> **Task details**: Within the lines below, the span from the line with "さらに、食後には、夜食用に塩むすびを用意してくれました。" to the line with "本系統(tǒng)物理結(j", both ends included, is to be reproduced exactly, with pictures omitted.

> **Records for this exercise**:
*-*-*

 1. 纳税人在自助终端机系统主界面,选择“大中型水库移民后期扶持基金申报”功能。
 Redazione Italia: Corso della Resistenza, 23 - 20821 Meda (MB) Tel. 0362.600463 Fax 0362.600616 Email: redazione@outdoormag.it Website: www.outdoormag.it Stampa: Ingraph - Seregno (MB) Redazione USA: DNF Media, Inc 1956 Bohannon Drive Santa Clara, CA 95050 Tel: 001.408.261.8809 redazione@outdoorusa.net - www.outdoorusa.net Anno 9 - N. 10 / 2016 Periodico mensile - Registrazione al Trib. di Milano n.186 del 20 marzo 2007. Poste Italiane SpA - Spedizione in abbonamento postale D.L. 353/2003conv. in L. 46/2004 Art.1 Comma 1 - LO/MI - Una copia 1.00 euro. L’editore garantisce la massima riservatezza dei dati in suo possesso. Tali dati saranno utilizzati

*-*-*

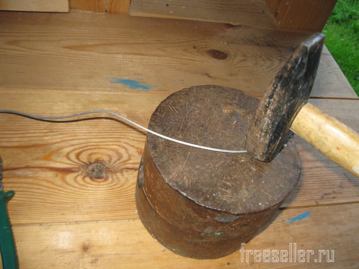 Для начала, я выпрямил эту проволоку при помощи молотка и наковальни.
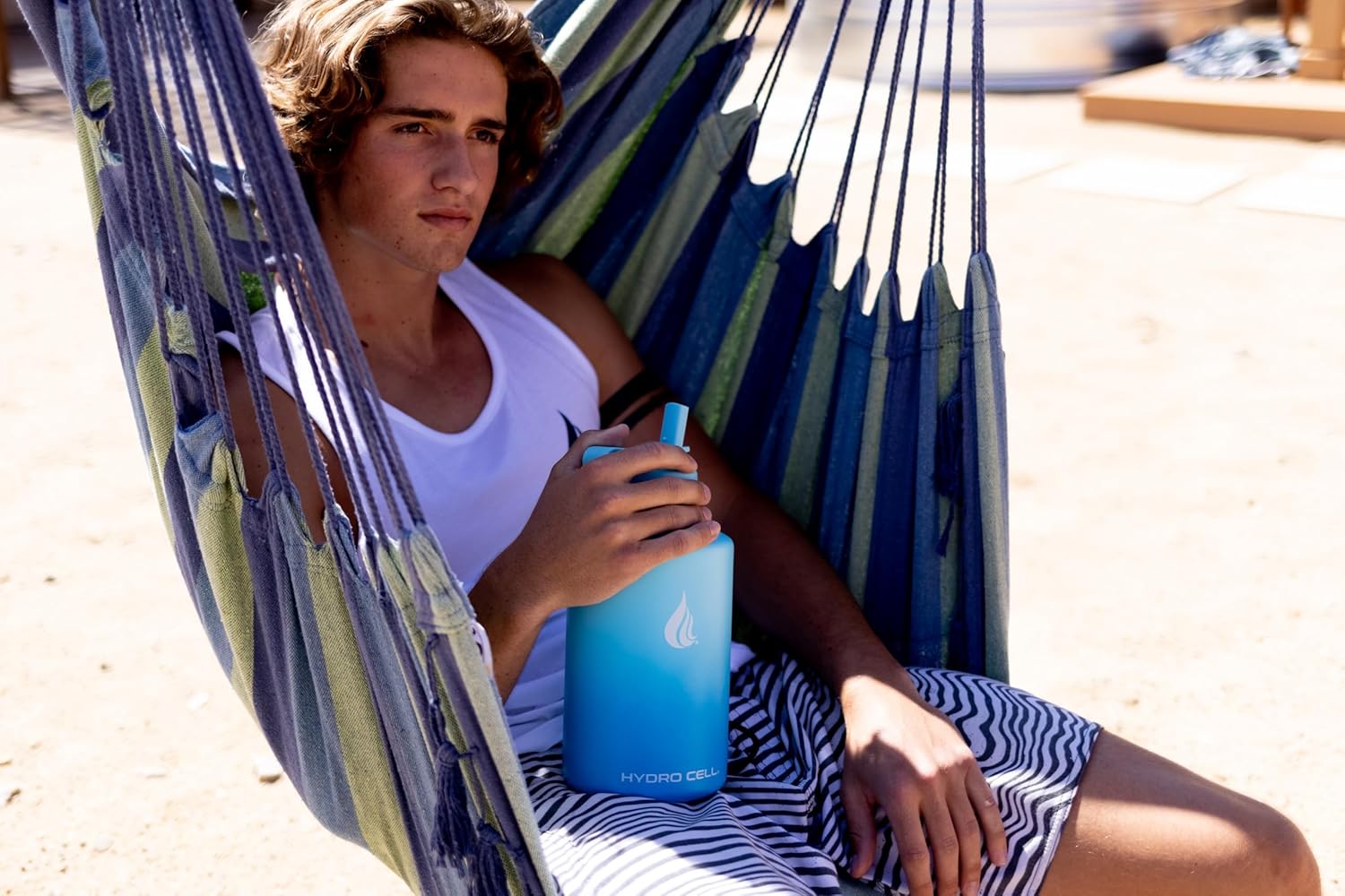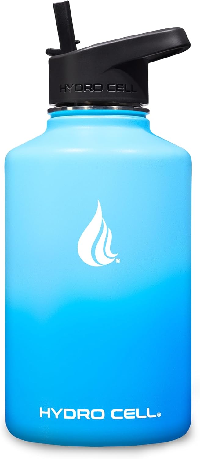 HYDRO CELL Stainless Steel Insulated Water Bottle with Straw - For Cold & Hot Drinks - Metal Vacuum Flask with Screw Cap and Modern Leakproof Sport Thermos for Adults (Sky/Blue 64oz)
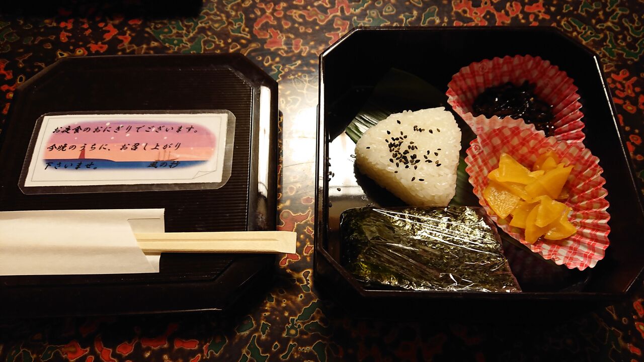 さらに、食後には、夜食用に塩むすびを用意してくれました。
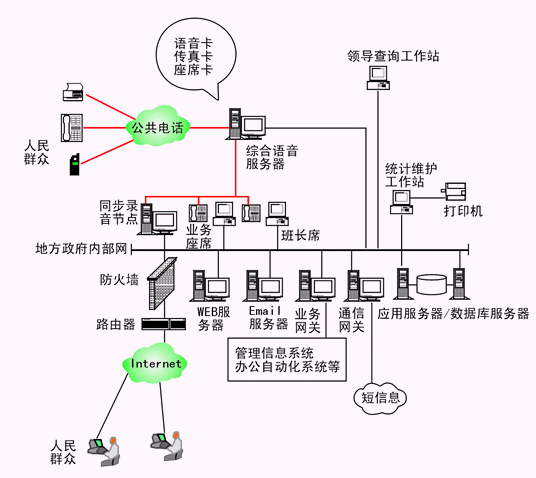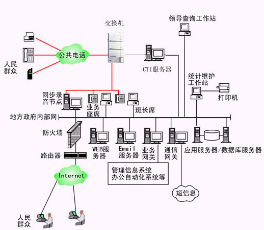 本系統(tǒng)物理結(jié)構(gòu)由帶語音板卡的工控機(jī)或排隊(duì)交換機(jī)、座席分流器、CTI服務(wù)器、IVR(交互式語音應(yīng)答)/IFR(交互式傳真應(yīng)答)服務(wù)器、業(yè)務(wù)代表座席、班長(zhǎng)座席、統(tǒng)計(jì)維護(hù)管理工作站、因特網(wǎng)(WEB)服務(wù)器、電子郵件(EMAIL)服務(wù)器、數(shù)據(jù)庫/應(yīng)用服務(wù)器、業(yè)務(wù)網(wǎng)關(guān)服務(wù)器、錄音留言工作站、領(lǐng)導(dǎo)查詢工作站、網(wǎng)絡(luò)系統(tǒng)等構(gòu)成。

*-*-*

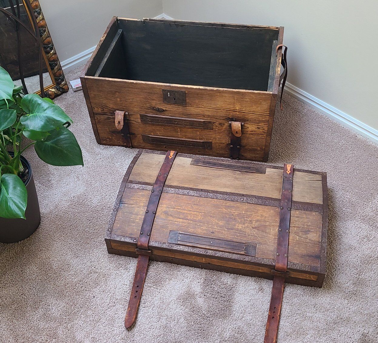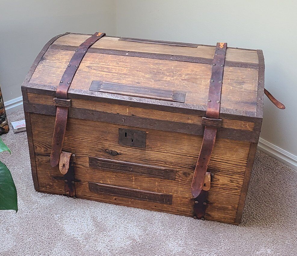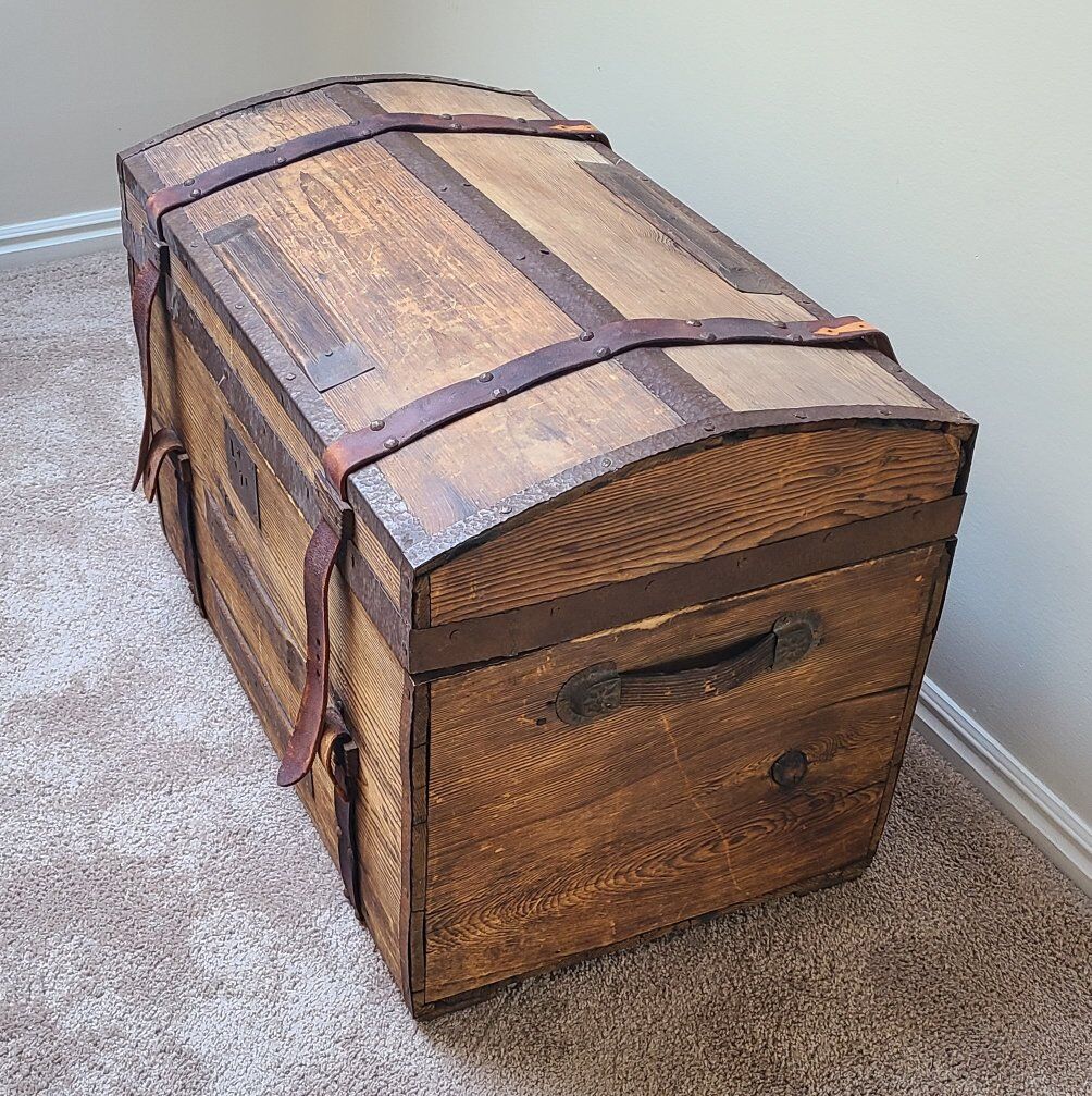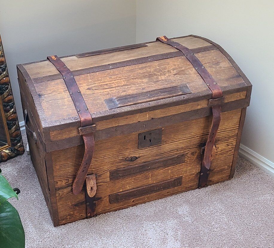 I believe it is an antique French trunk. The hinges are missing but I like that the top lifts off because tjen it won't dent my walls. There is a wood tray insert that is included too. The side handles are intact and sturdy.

*-*-*

> **Expected answer**:
 さらに、食後には、夜食用に塩むすびを用意してくれました。
 本系統(tǒng)物理結(jié)構(gòu)由帶語音板卡的工控機(jī)或排隊(duì)交換機(jī)、座席分流器、CTI服務(wù)器、IVR(交互式語音應(yīng)答)/IFR(交互式傳真應(yīng)答)服務(wù)器、業(yè)務(wù)代表座席、班長(zhǎng)座席、統(tǒng)計(jì)維護(hù)管理工作站、因特網(wǎng)(WEB)服務(wù)器、電子郵件(EMAIL)服務(wù)器、數(shù)據(jù)庫/應(yīng)用服務(wù)器、業(yè)務(wù)網(wǎng)關(guān)服務(wù)器、錄音留言工作站、領(lǐng)導(dǎo)查詢工作站、網(wǎng)絡(luò)系統(tǒng)等構(gòu)成。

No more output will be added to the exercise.